3. Hospital Utilization
We have heard from the UHA, UofU, and IHC that hospitals are going to exceed their capacity to care for individuals within the next 4-8 weeks. The metrics on DOMO are only part of the hospital capacity. We must consider staffing, ECMO, and beds for severe cases. Focusing on tertiary care hospitals is crucial. Once we run out of beds at tertiary care hospitals on the Wasatch Front, there is no state ability to care for the critically ill. Maintaining the ability to stand up the alternate care facility will be essential as cases continue to increase.

4. Protect those at high risk for severe disease
High risk individuals get COVID-19 from low risk individuals.
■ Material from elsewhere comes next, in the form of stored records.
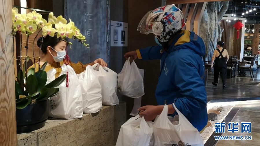 2月17日,外賣(mài)配送員在成都一家火鍋店交接消費(fèi)者在線(xiàn)上下單的外賣(mài)火鍋(手機(jī)照片)。新華社記者 胡旭 攝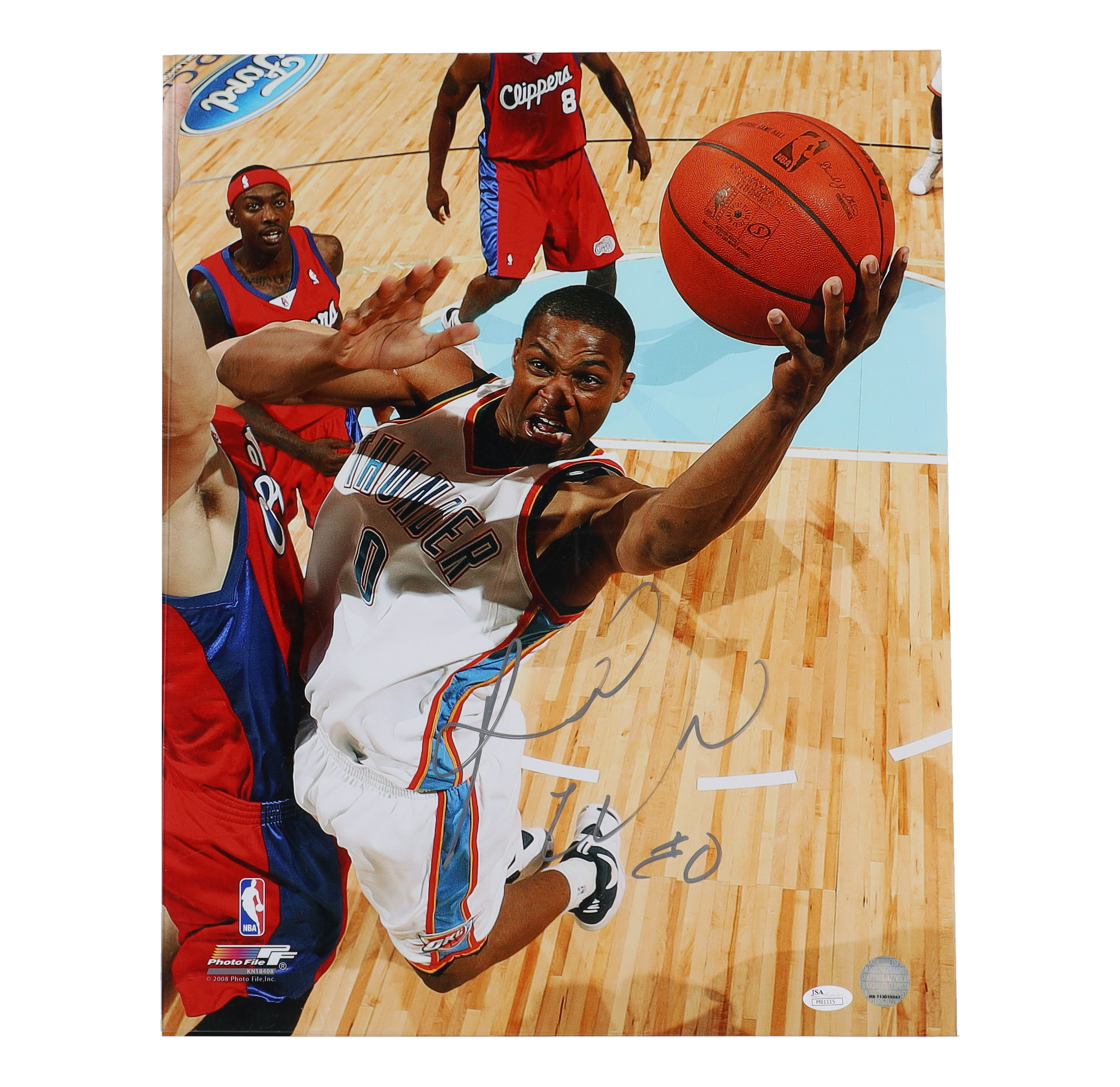 Photo measures 16" x 20" in size and has been hand-signed by Russell Westbrook (Oklahoma City Thunder).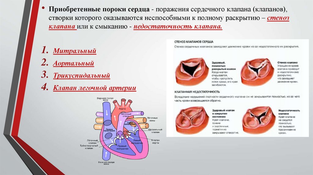 • Приобретенные пороки сердца - поражения сердечного клапана (клапанов),створки которого оказываются неспособными к полному раскрытию – стеноз

The higher the number of cases in our state, the more likely high risk individuals will get exposed to COVID-19. We must continue our efforts to specifically protect those at high risk for severe disease, while prioritizing policies and interventions that drive down overall transmission.

5. Protect those at high risk for transmission
We know certain environments are more conducive to COVID-19 spread: crowded, indoors, for a prolonged period of time. We must continue to work with employers in these environments to put procedures in place and engineer the workspace to limit spread. We also need to work with employers to ensure their employees have the ability to quarantine and isolate when needed through paid sick leave and worker protections.

6. Messaging/Communications
The public equates the color-coded phased guidelines with risk of COVID-19 spread. We must be clear that the color equates with the economic restrictions in place. And that the risk of COVID19 spread is higher as the restrictions are lower.